If not, of course the problem will be more challenging. If that's the case, maybe post am image that is something akin to your worst-case scenario for identification.

## 1 Comment

David on 30 Jun 2012

Yes, the drop is always that pronounced. Thank you very much for your help!

Answer by Star Strider on 30 Jun 2012

It seems to me you first need to find the sharp dip. Although your data seem to be noisy, the magnitude of the sharp dip is sufficiently large to be noticable. There are a few ways of going about this in my experience. This stragegy is 'brute force' rather than in any way elegant, but it should do what you want.

First, you could try:

```datadif = diff([0; data]);
```

then search for the minimum using 'find'. It should correspond to the minimum, at least in this section of your data, so

```mindif = find(datadif <= min(datadif));
```

should find its index. (The initial zero in the 'diff' argument corrects for the index offset 'diff' creates and makes the 'datadif' indices comparable to those in 'data'.) An alternative is 'findpeaks' with two output arguments, the second being the indices of the peaks. You will need to play with the options to find the peak just before the sharp drop, rather than everything 'findpeaks' might consider a peak.

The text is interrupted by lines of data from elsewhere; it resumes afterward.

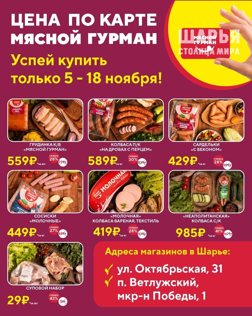 ❤Любимые продукты Мясной Гурман — теперь по ещё более вкусным ценам!👍 С 5 по 18 ноября в наших фирменных магазинах действуют специальные скидки на колбасы, деликатесы и мясные изделия собственного производства. ♦Приходите за настоящим вкусом и качеством — ведь всё, что мы готовим создано с душой и любовью!♥ Ждём вас в магазинах “Мясной Гурман”! г. Шарья ул. Октябрьская, 31 г. Шарья п. Ветлужский мкр-н Победы, 1 Шарья – столица мира Крупнейшее городское СМИ Источник: Открыть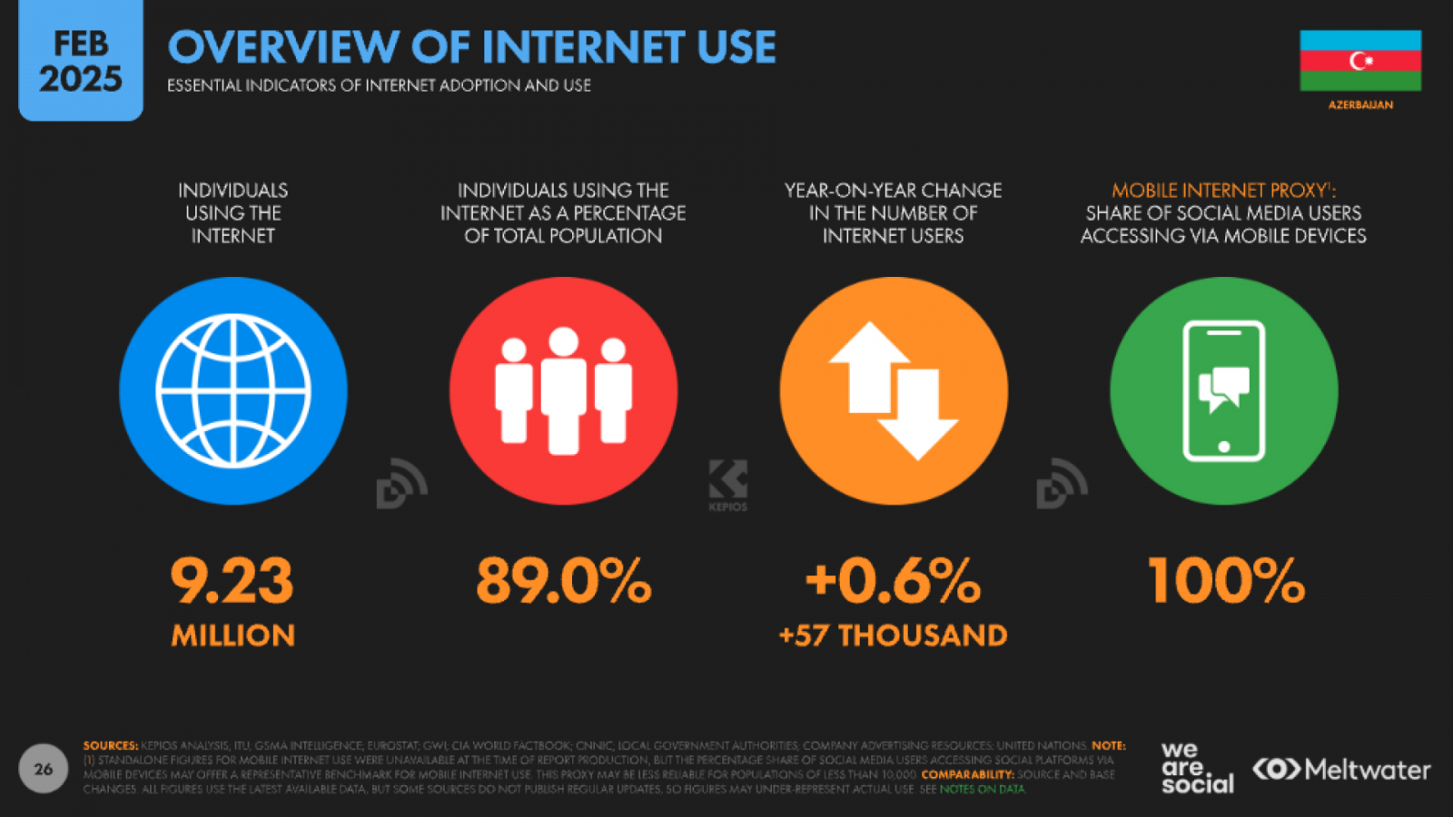 В 2025 году интернетом в Азербайджане пользуются 9,23 млн человек, что составляет 89 % населения. За год зафиксирован небольшой прирост (+0,6 %).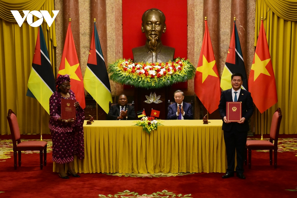 Sau hội đàm, Tổng Bí thư, Chủ tịch nước Tô Lâm và Tổng thống Filipe Jacinto Nyusi đã chứng kiến lễ ký kết, trao văn kiện hợp tác song phương giữa hai nước trong lĩnh vực nông nghiệp, năng lượng và khoáng sản. |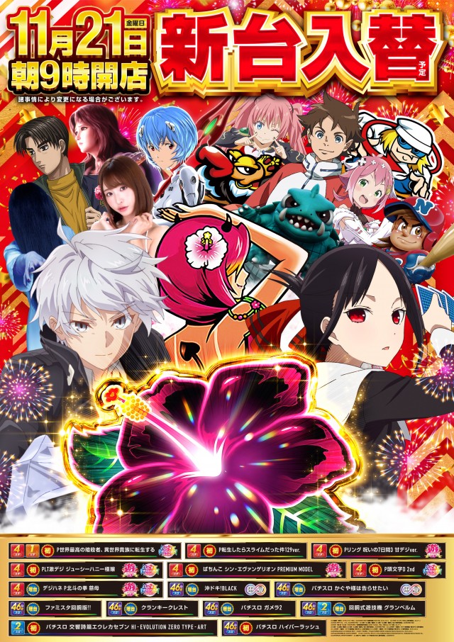 | 稼働台数 | パチンコ513台 / パチスロ572台 |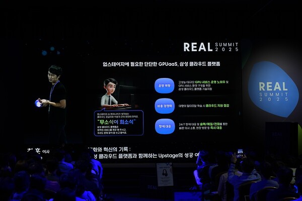 2025년 9월 11일, 서울 코엑스에서 열린 삼성SDS의 ‘REAL Summit 2025’에서 최훈 업스테이지 개발총괄 이사가 ‘업스테이지와 삼성 클라우드 플랫폼(SCP)의 성공 여정’을 주제로 AI에 대한 인사이트를 공유했다.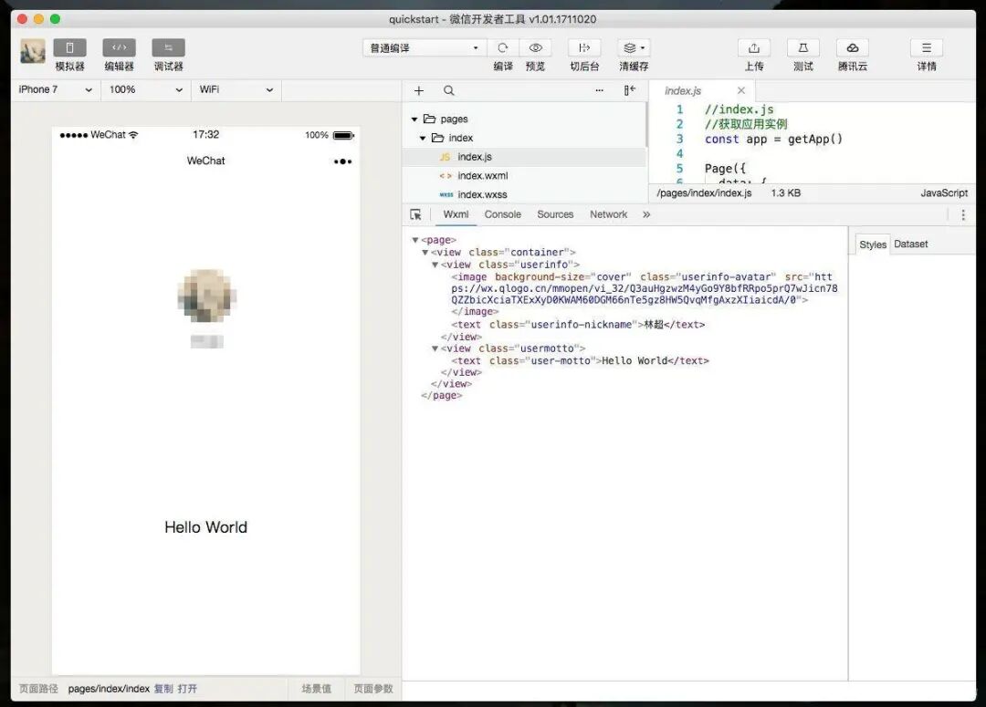 了解了这些知识后,你就可以正式开发了。下载微信官方开发者工具,新建一个小程序项目,填入你的小程序的 AppID(如果没有,需要先在微信公众平台注册个小程序账号,注册后在“设置”里你就能看到自己的小程序AppID),点击“创建 QuickStart 项目” ,你就可以编辑调试自己的小程序了。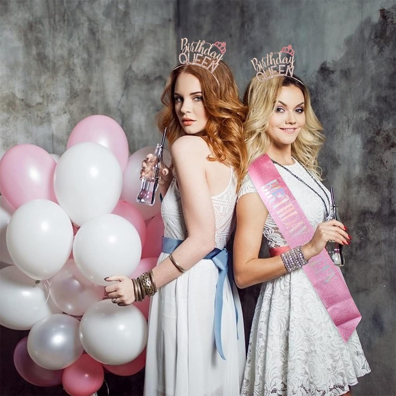 Birthday Queen Sash & Rhinestone Tiara Kit, Birthday Crown Sash, Birthday Crystal Tiara Crown Sash with Birthday Queen, 21st 30th 40th 50th 60th Birthday Gifts for Girls Women

As for the average just before the sharp drop, my suggestion would be a linear regression, perhaps 'polyfit' followed by 'polyval' on a range of data just preceding the discontinuity. (Other regression function options will provide you with confidence limits on the parameter estimates and the fit, so you will have the approximate mean as well as the 95% confidence intervals, from which you can calculate the std, since the 95% c.i. are ±1.96*std.) The average just preceding the sharp drop would be given by 'polyfit' with the x-value corresponding to the index just preceding it. The linear regression assumes the errors are normally distributed.

There may be other, better options, but this is the sort of strategy I've successfully used in the past on similar problems. It should work.

## 1 Comment

David on 30 Jun 2012

Ok, I appreciate it. I was trying to use 'findpeaks' earlier, but it's proving rather difficult to get the options just right.